Rocket looks back in disbelief at the room we’ve just came from and at Tony. “What’cha doing with him?” He asked. I normally don’t spend a lot of time with him, so this is out of the ordinary, especially with my mental state right now. I didn’t talk to anyone these first few weeks. I’m still just opening up to people, so I don’t judge him for being curious and wondering what I’m doing with him.
“What? Nothing!” I say, as I quickly looked back to Tony and the room as Rocket did. “Just making small talk.” I say, inside of what was going though my mind.
“Okay…” Rocket said in that disbelieving grumpy tone of his that I’ve grown up with. I look back into the room Tony was in smile without and while Rocket isn’t looking. His sitting their at the end of the couch smiling. He picks up his hand a little and rest his elbow on the sofa’s end and arm rest and does a little wave. I smile and do a little wave like he did back at him.
“C’mon! Let’s go! What’cha doing?!” Rocket say ahead of me, already out the door and turned around at me. He was late to finish fixing the ship and now he’s angry that I’m taking such a long time, even though it’s for a good reason. He does not like being late or people taking a long time, especially when it’s something he actually likes, not just those little boring and odd trip to the grocery store for fuel, unless it’s fuel or or gadgets that he likes, spend enough years with him to know that about him.
As were walking outside of the avengers platform and compound to the ship, I feel pretty grateful to have such great people in my life, even if some of them are raccoons and arrogant. Maybe even if I don’t have my dad, I guess I have someone at least pretty close to my dad.
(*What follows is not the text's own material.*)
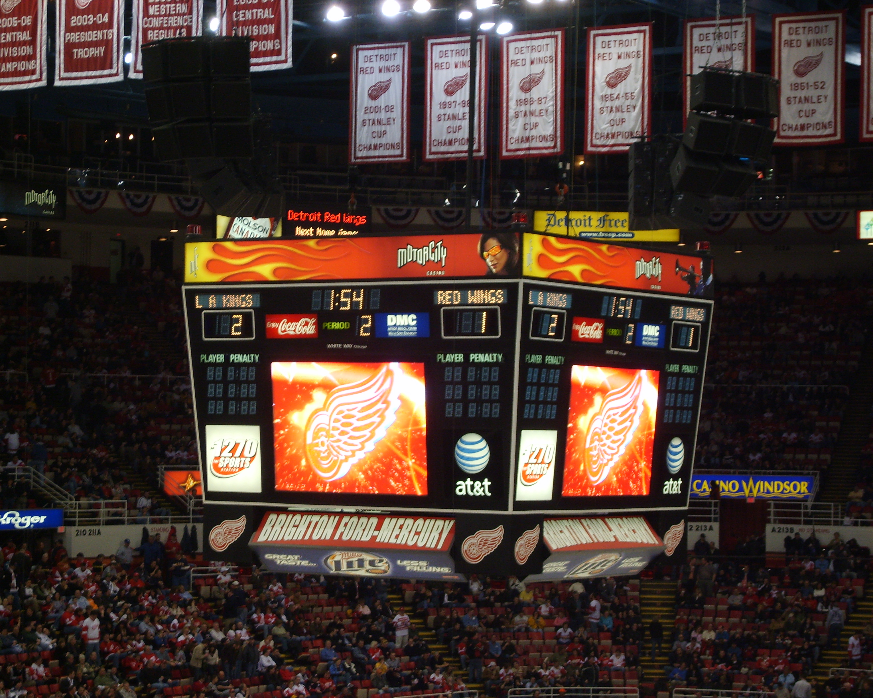 This photo was taken by me, User:Schmackity during a game between the Detroit Red Wings and the Los Angeles Kings on March 9, 2007 at Joe Louis Arena. (The Wings ended up winning in overtime!)

Maybe that’s why I hated him for all these weeks and months. I look back now and realize I should’ve been nicer to him and myself, he’s a really great guy, and he could have helped me though this much sooner. And I realize I have to go though the stages of grief now, even if I don’t want to, but at least now I realize I have a pretty great person to got though it with. To love and support me though it, and to grieve with. And for you right now dad, I still love you, always, and I always will, and no one will ever replace you. And I’m okay for right now, and that’s enough.